It would help if you retyped the data exactly, leaving out the pictures.
┌────────
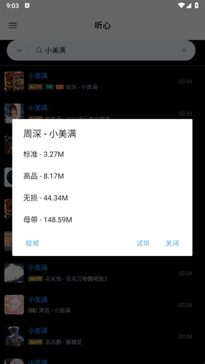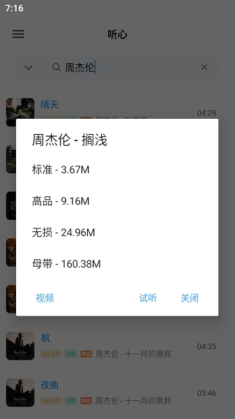 4、点击音乐,选择听歌的模式,有标准、高频、无损以及母带等。
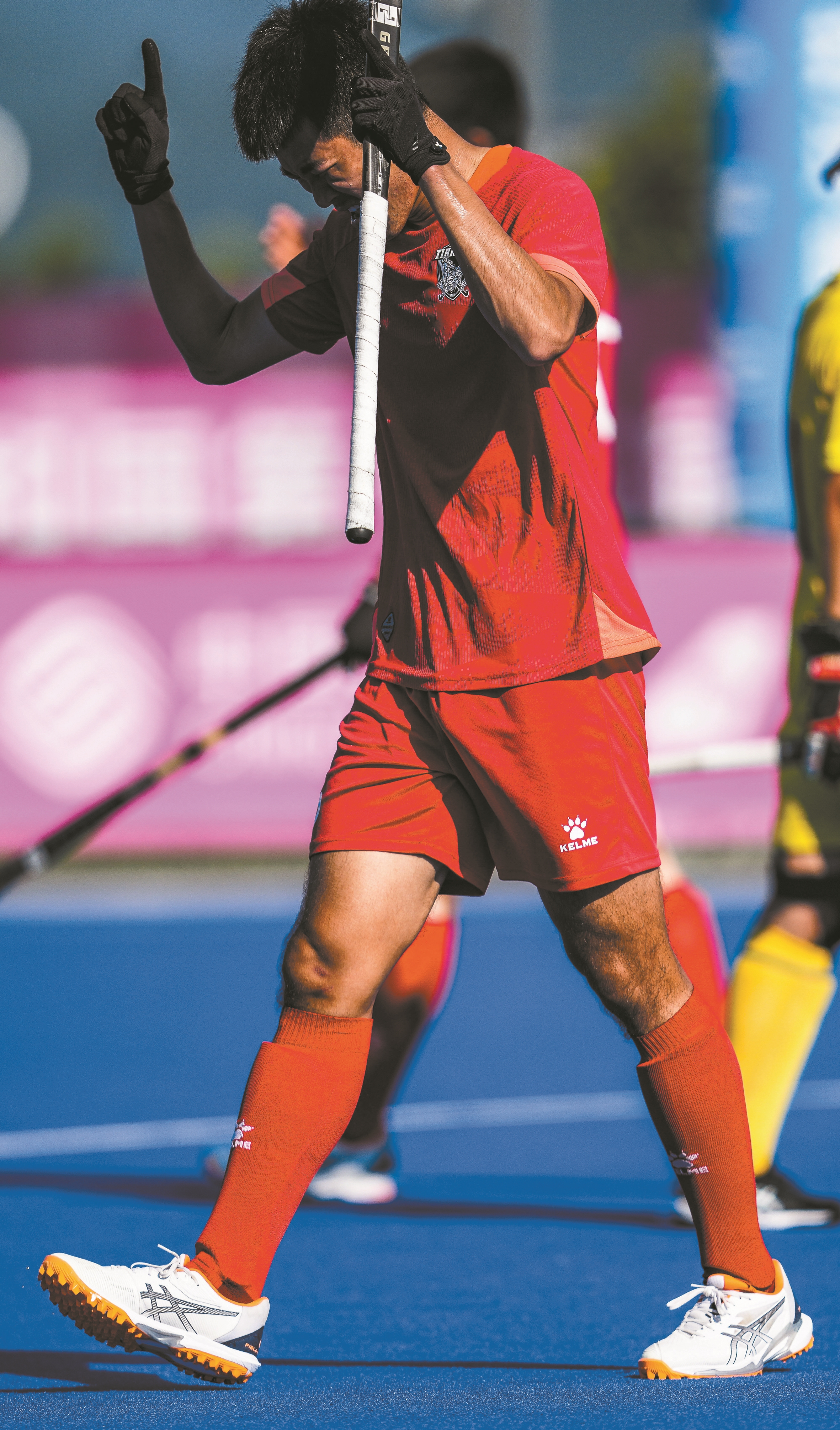 ?十一月十五日,在广东云浮举行的第十五届全国运动会曲棍球项目男子七-八名次赛中,天津队三比二战胜江苏队。 这是当日,天津队球员王洪博在比赛中庆祝进球。新华社记者 陶 亮摄
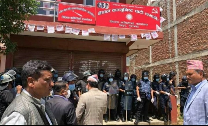 नेकपा एमाले पार्टी कार्यालय नुवाकोटमा दिनभर तनाव
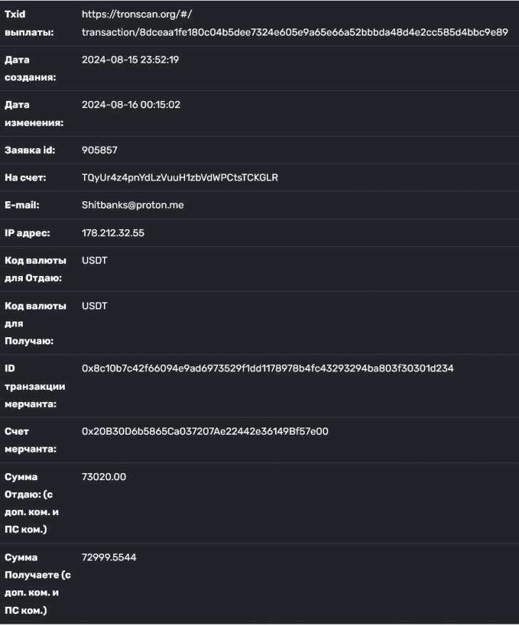 24.07.2024 в 01:32 был инициирован вывод 40 012 USDT (ERC20) с последующим обменом на 40 000.79 USDT (TRC20), переведенных на адрес TAUKxY8RCPmhqGNn3W1VmmoPcyTRvNj9Pk.
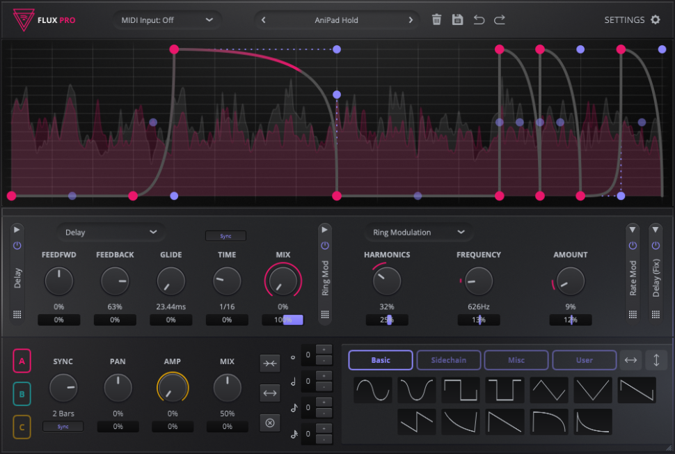 Die grafischen Kurven lassen sich spannungsgesteuert an externe Hardware via CV ausgeben. Als Effektslots gibt es vier Stück, die jeweils aus zehn Effekten schöpfen können. Zur Auswahl stehen zwei Filter, zwei Delays, sowie Width, Phaser, Chorus/Flanger, Rate Modulation, Ring Modulation und Utility. Für den Einstieg stehen bereits 115 Presets bereit. Über One-Shot & Retrigger lässt sich das Plug-in auch über MIDI triggern.
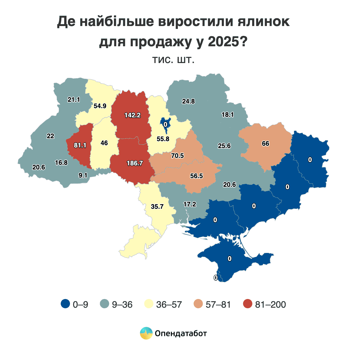 Наибольшие объемы праздничных деревьев для реализации в этом сезоне сосредоточены в двух регионах: Винницкая область — 187 тысяч елок, или 19% от общего количества, и Житомирская область — 142 тысячи, или 14%. В то же время именно Житомирская область остается лидером по площади земель под выращивание хвойных — 640 гектаров. Это почти четверть от общеукраинской площади. За четыре года она сократилась здесь на 9%, но даже на этой территории растет около 1,9 миллиона деревьев.
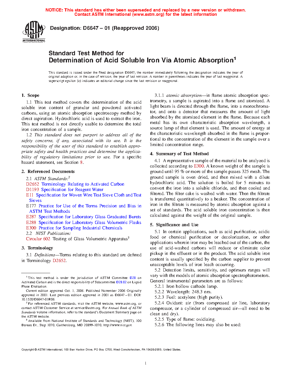 1.1 This test method covers the determination of the acid soluble iron content of granular and powdered activated carbons, using an atomic absorption spectroscopy method by direct aspiration. Hydrochloric acid is used to extract the iron. This test method is not directly usable to determine the total iron concentration of a sample.
└────────
EXERCISE RESPONSE —
 4、点击音乐,选择听歌的模式,有标准、高频、无损以及母带等。
 ?十一月十五日,在广东云浮举行的第十五届全国运动会曲棍球项目男子七-八名次赛中,天津队三比二战胜江苏队。 这是当日,天津队球员王洪博在比赛中庆祝进球。新华社记者 陶 亮摄
 नेकपा एमाले पार्टी कार्यालय नुवाकोटमा दिनभर तनाव
 24.07.2024 в 01:32 был инициирован вывод 40 012 USDT (ERC20) с последующим обменом на 40 000.79 USDT (TRC20), переведенных на адрес TAUKxY8RCPmhqGNn3W1VmmoPcyTRvNj9Pk.
 Die grafischen Kurven lassen sich spannungsgesteuert an externe Hardware via CV ausgeben. Als Effektslots gibt es vier Stück, die jeweils aus zehn Effekten schöpfen können. Zur Auswahl stehen zwei Filter, zwei Delays, sowie Width, Phaser, Chorus/Flanger, Rate Modulation, Ring Modulation und Utility. Für den Einstieg stehen bereits 115 Presets bereit. Über One-Shot & Retrigger lässt sich das Plug-in auch über MIDI triggern.
 Наибольшие объемы праздничных деревьев для реализации в этом сезоне сосредоточены в двух регионах: Винницкая область — 187 тысяч елок, или 19% от общего количества, и Житомирская область — 142 тысячи, или 14%. В то же время именно Житомирская область остается лидером по площади земель под выращивание хвойных — 640 гектаров. Это почти четверть от общеукраинской площади. За четыре года она сократилась здесь на 9%, но даже на этой территории растет около 1,9 миллиона деревьев.
 1.1 This test method covers the determination of the acid soluble iron content of granular and powdered activated carbons, using an atomic absorption spectroscopy method by direct aspiration. Hydrochloric acid is used to extract the iron. This test method is not directly usable to determine the total iron concentration of a sample.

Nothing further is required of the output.